• Requirement: Leave the images behind and copy every record exactly.

• Data shown:
•••••

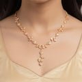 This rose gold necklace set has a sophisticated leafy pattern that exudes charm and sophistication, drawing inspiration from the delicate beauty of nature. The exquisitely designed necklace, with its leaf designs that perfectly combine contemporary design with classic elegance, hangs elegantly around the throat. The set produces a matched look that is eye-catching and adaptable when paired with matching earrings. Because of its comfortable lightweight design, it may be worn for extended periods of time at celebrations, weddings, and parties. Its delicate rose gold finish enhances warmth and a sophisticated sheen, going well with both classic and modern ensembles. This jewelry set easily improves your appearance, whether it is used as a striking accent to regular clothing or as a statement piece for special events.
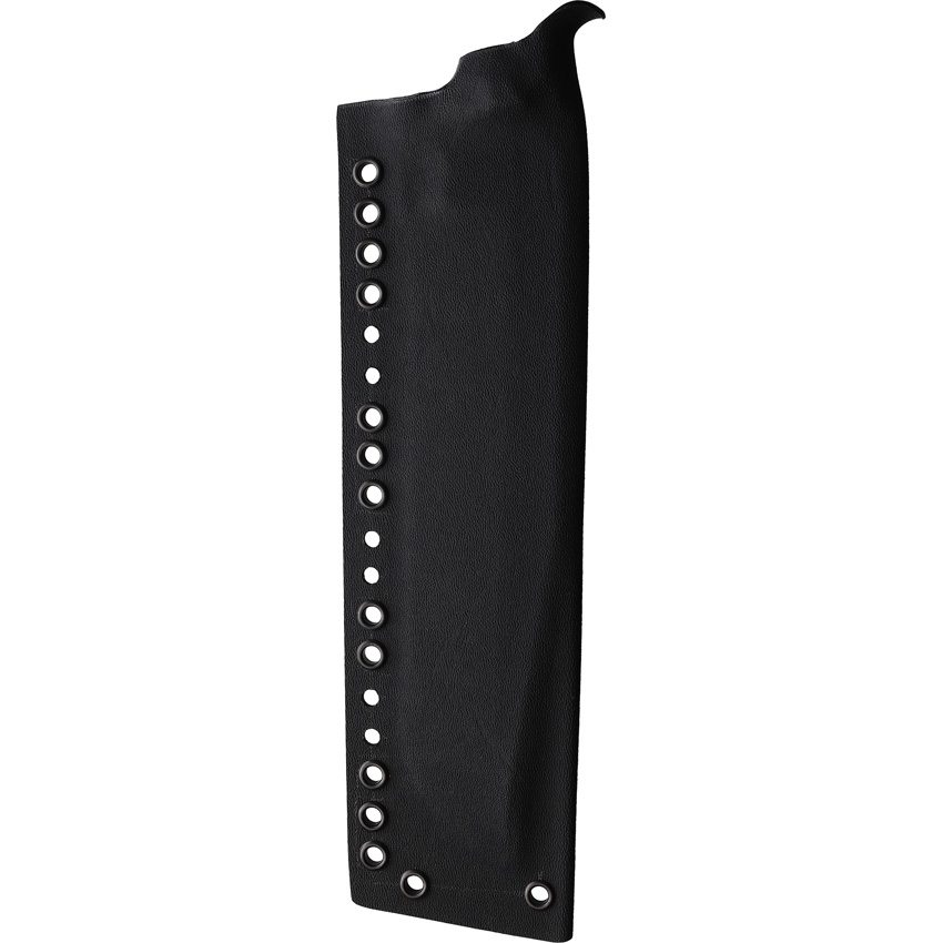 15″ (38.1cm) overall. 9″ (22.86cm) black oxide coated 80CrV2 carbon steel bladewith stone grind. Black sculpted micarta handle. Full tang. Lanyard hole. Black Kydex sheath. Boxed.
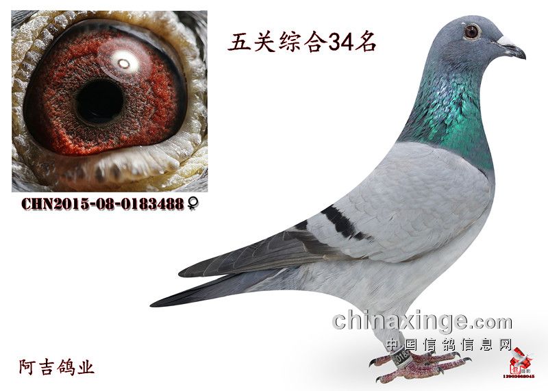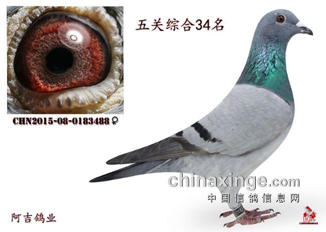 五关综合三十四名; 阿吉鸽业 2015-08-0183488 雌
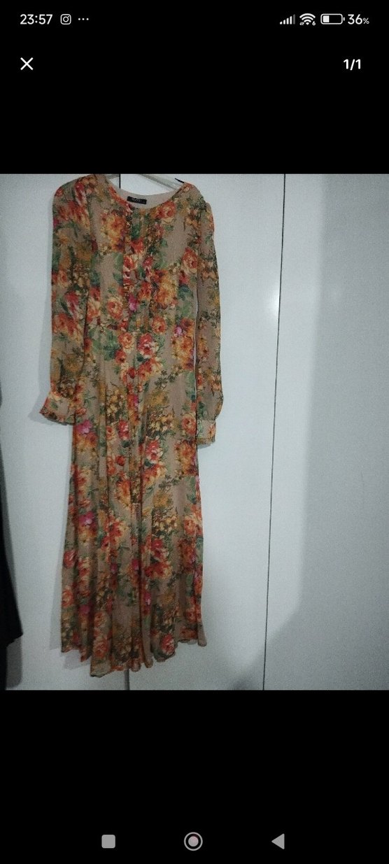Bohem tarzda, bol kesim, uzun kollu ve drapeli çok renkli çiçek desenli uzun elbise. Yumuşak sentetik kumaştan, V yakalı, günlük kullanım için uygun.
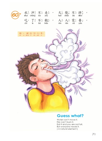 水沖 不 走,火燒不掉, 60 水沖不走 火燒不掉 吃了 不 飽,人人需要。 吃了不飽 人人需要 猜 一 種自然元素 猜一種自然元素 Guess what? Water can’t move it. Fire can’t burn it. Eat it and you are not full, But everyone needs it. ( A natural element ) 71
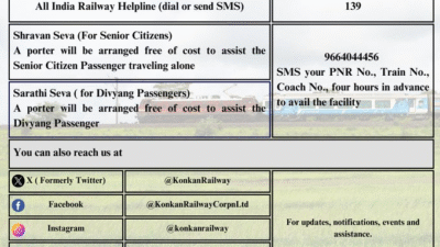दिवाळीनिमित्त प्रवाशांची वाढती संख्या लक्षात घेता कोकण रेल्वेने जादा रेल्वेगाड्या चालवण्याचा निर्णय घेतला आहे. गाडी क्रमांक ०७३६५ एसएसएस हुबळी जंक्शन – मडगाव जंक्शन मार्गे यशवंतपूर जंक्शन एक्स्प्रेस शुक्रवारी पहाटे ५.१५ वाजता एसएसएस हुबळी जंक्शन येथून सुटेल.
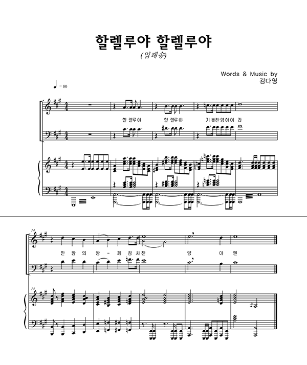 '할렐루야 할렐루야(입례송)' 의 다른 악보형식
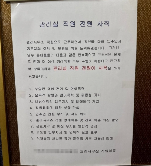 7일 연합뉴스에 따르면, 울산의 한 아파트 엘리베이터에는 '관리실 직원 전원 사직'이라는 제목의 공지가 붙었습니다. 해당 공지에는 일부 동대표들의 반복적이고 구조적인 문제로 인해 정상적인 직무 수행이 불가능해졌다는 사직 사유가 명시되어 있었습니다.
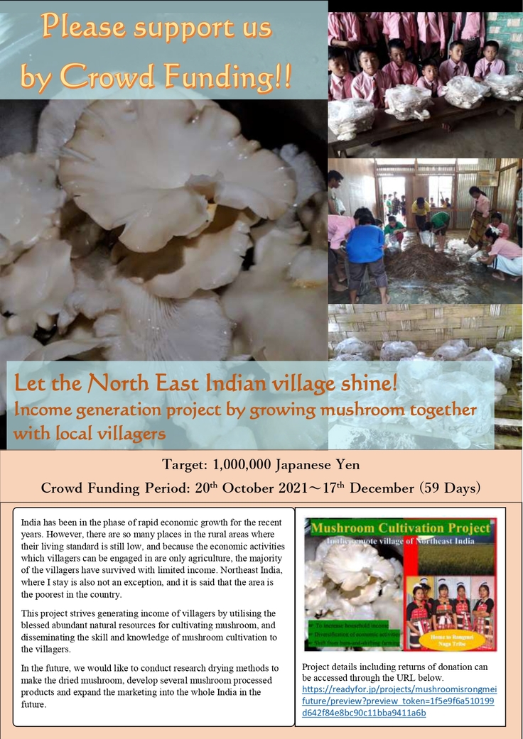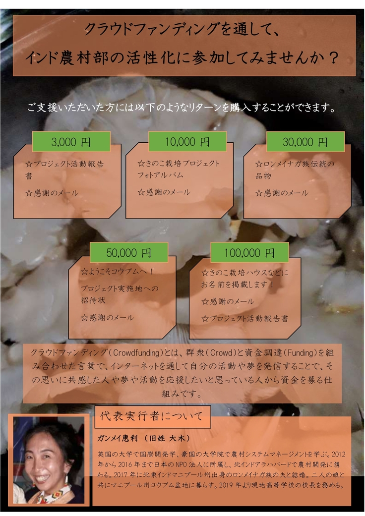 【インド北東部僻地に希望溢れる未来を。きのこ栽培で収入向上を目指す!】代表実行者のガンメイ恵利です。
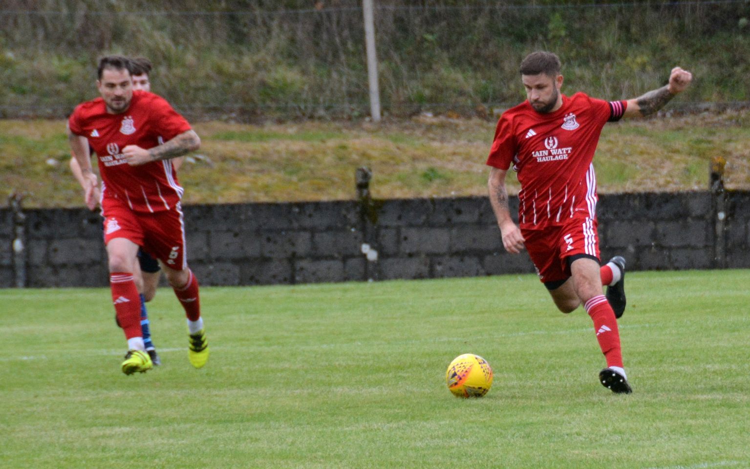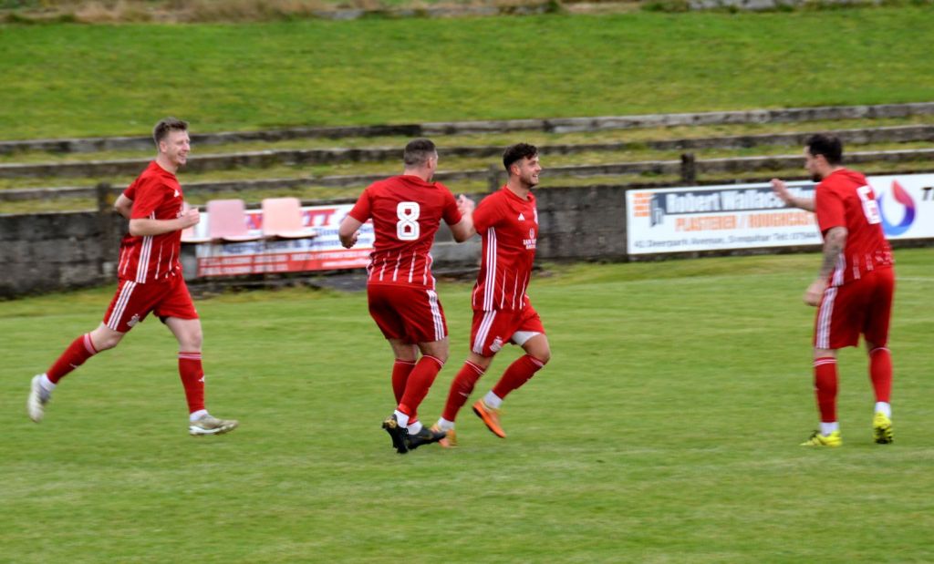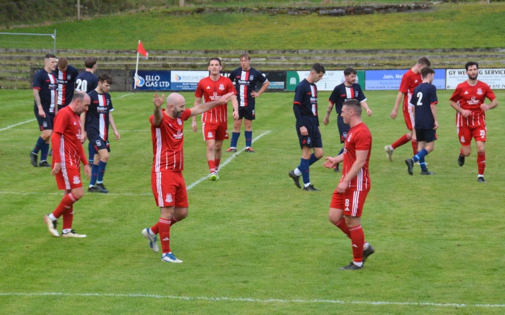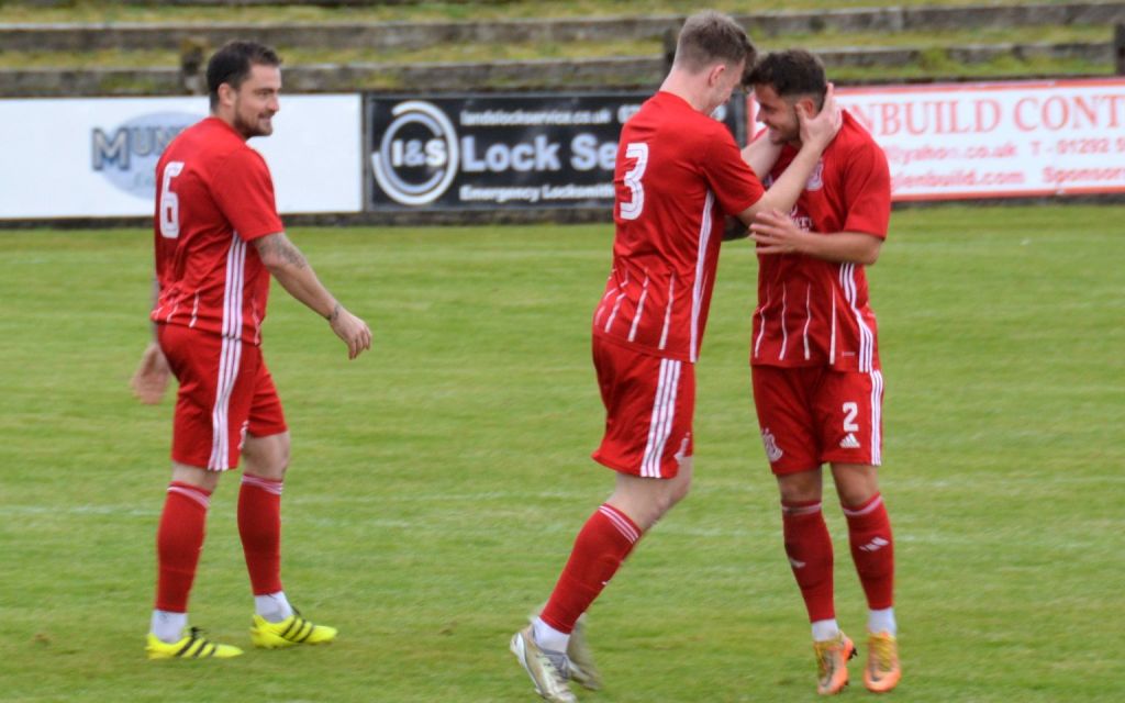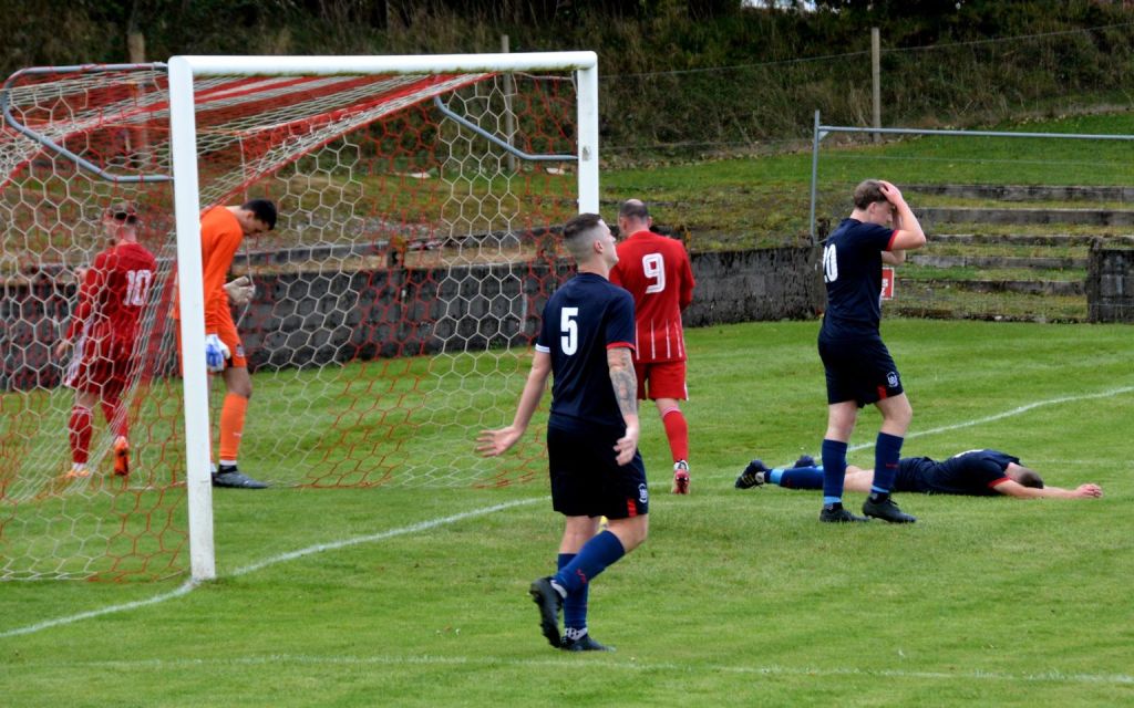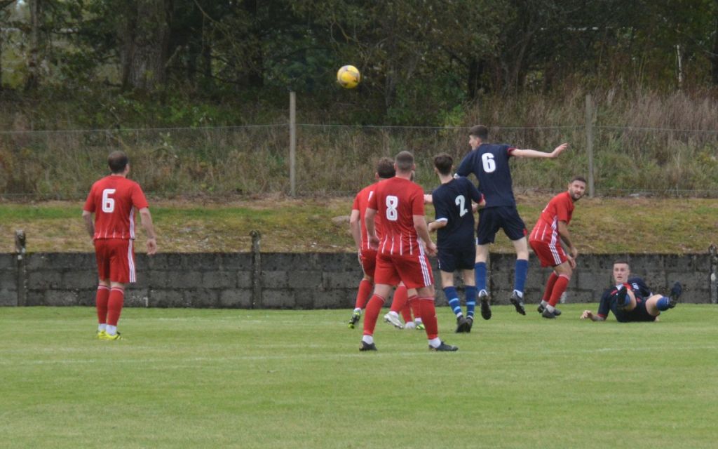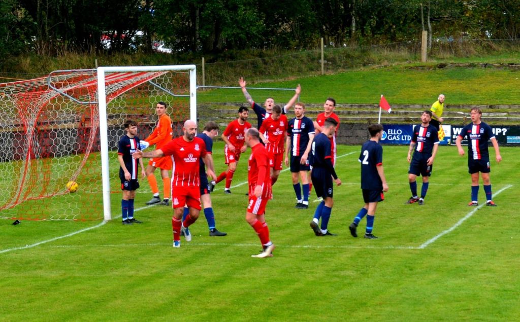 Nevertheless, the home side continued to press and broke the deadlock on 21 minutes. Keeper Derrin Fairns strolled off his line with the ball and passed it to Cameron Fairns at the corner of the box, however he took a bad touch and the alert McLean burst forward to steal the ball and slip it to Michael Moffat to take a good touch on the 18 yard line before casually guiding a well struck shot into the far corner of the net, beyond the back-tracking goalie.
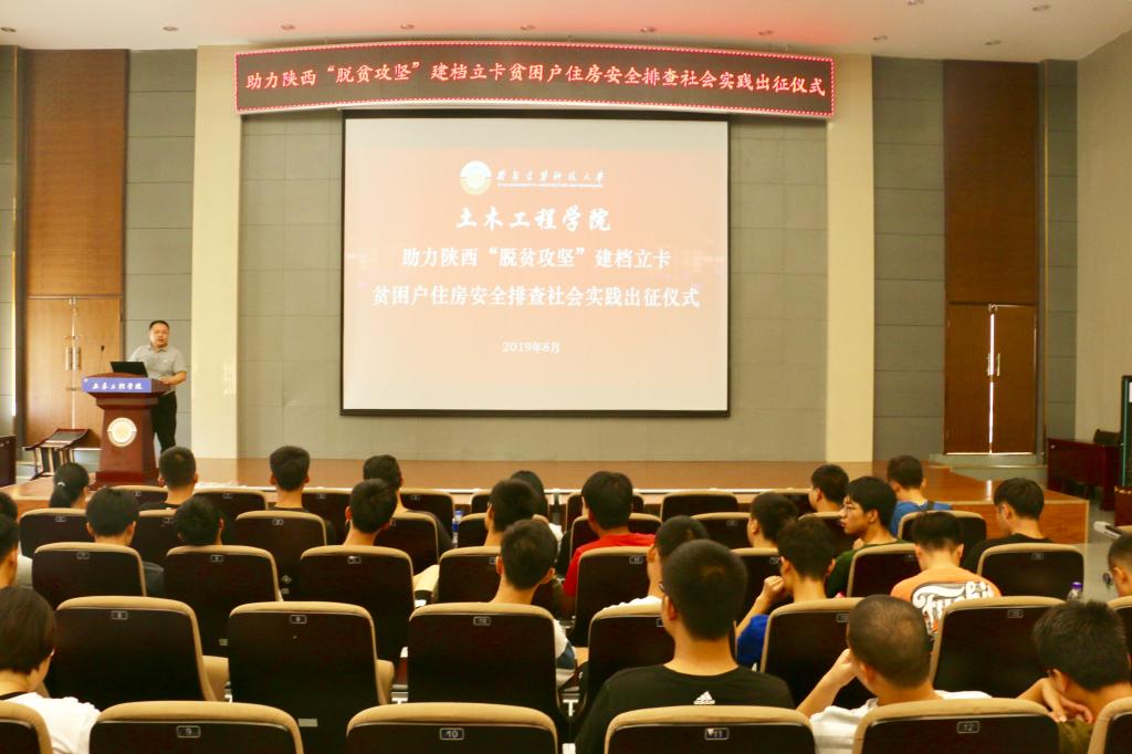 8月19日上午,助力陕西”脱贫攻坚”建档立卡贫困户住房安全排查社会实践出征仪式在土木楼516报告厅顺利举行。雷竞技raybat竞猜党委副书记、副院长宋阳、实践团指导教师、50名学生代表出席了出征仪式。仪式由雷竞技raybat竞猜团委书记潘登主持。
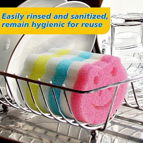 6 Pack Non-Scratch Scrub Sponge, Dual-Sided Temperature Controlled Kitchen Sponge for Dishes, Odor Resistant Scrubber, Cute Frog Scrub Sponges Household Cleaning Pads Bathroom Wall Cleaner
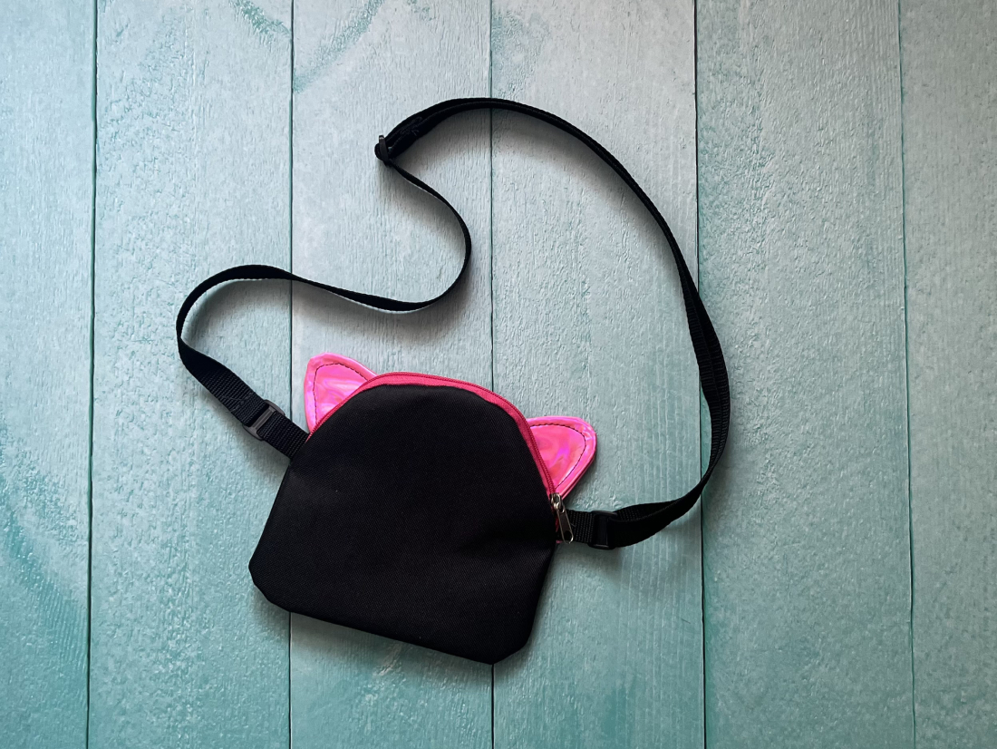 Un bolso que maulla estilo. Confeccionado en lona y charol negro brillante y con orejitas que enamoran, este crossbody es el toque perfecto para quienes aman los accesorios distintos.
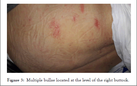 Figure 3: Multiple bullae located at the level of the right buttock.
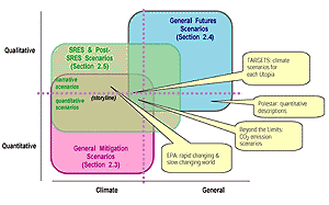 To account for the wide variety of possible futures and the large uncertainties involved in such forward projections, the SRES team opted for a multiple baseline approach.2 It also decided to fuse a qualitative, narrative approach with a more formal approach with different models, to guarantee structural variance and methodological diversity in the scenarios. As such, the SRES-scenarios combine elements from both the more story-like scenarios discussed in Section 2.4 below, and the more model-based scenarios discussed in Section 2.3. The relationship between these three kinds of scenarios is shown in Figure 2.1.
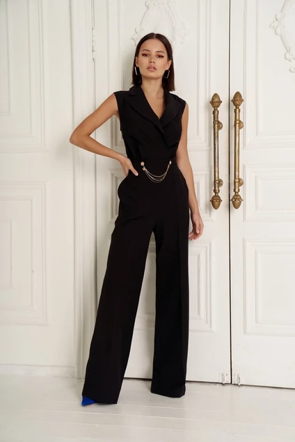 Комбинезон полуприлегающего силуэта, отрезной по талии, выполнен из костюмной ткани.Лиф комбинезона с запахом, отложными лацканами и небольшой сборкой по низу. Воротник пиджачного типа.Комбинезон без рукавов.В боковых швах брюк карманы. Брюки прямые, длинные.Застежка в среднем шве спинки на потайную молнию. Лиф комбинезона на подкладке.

•••••

• Output of the task:
 This rose gold necklace set has a sophisticated leafy pattern that exudes charm and sophistication, drawing inspiration from the delicate beauty of nature. The exquisitely designed necklace, with its leaf designs that perfectly combine contemporary design with classic elegance, hangs elegantly around the throat. The set produces a matched look that is eye-catching and adaptable when paired with matching earrings. Because of its comfortable lightweight design, it may be worn for extended periods of time at celebrations, weddings, and parties. Its delicate rose gold finish enhances warmth and a sophisticated sheen, going well with both classic and modern ensembles. This jewelry set easily improves your appearance, whether it is used as a striking accent to regular clothing or as a statement piece for special events.
 15″ (38.1cm) overall. 9″ (22.86cm) black oxide coated 80CrV2 carbon steel bladewith stone grind. Black sculpted micarta handle. Full tang. Lanyard hole. Black Kydex sheath. Boxed.
 五关综合三十四名; 阿吉鸽业 2015-08-0183488 雌
Bohem tarzda, bol kesim, uzun kollu ve drapeli çok renkli çiçek desenli uzun elbise. Yumuşak sentetik kumaştan, V yakalı, günlük kullanım için uygun.
 水沖 不 走,火燒不掉, 60 水沖不走 火燒不掉 吃了 不 飽,人人需要。 吃了不飽 人人需要 猜 一 種自然元素 猜一種自然元素 Guess what? Water can’t move it. Fire can’t burn it. Eat it and you are not full, But everyone needs it. ( A natural element ) 71
दिवाळीनिमित्त प्रवाशांची वाढती संख्या लक्षात घेता कोकण रेल्वेने जादा रेल्वेगाड्या चालवण्याचा निर्णय घेतला आहे. गाडी क्रमांक ०७३६५ एसएसएस हुबळी जंक्शन – मडगाव जंक्शन मार्गे यशवंतपूर जंक्शन एक्स्प्रेस शुक्रवारी पहाटे ५.१५ वाजता एसएसएस हुबळी जंक्शन येथून सुटेल.
 '할렐루야 할렐루야(입례송)' 의 다른 악보형식
 7일 연합뉴스에 따르면, 울산의 한 아파트 엘리베이터에는 '관리실 직원 전원 사직'이라는 제목의 공지가 붙었습니다. 해당 공지에는 일부 동대표들의 반복적이고 구조적인 문제로 인해 정상적인 직무 수행이 불가능해졌다는 사직 사유가 명시되어 있었습니다.
 【インド北東部僻地に希望溢れる未来を。きのこ栽培で収入向上を目指す!】代表実行者のガンメイ恵利です。
 Nevertheless, the home side continued to press and broke the deadlock on 21 minutes. Keeper Derrin Fairns strolled off his line with the ball and passed it to Cameron Fairns at the corner of the box, however he took a bad touch and the alert McLean burst forward to steal the ball and slip it to Michael Moffat to take a good touch on the 18 yard line before casually guiding a well struck shot into the far corner of the net, beyond the back-tracking goalie.
 8月19日上午,助力陕西”脱贫攻坚”建档立卡贫困户住房安全排查社会实践出征仪式在土木楼516报告厅顺利举行。雷竞技raybat竞猜党委副书记、副院长宋阳、实践团指导教师、50名学生代表出席了出征仪式。仪式由雷竞技raybat竞猜团委书记潘登主持。
 6 Pack Non-Scratch Scrub Sponge, Dual-Sided Temperature Controlled Kitchen Sponge for Dishes, Odor Resistant Scrubber, Cute Frog Scrub Sponges Household Cleaning Pads Bathroom Wall Cleaner
 Un bolso que maulla estilo. Confeccionado en lona y charol negro brillante y con orejitas que enamoran, este crossbody es el toque perfecto para quienes aman los accesorios distintos.
 Figure 3: Multiple bullae located at the level of the right buttock.
 To account for the wide variety of possible futures and the large uncertainties involved in such forward projections, the SRES team opted for a multiple baseline approach.2 It also decided to fuse a qualitative, narrative approach with a more formal approach with different models, to guarantee structural variance and methodological diversity in the scenarios. As such, the SRES-scenarios combine elements from both the more story-like scenarios discussed in Section 2.4 below, and the more model-based scenarios discussed in Section 2.3. The relationship between these three kinds of scenarios is shown in Figure 2.1.
 Комбинезон полуприлегающего силуэта, отрезной по талии, выполнен из костюмной ткани.Лиф комбинезона с запахом, отложными лацканами и небольшой сборкой по низу. Воротник пиджачного типа.Комбинезон без рукавов.В боковых швах брюк карманы. Брюки прямые, длинные.Застежка в среднем шве спинки на потайную молнию. Лиф комбинезона на подкладке.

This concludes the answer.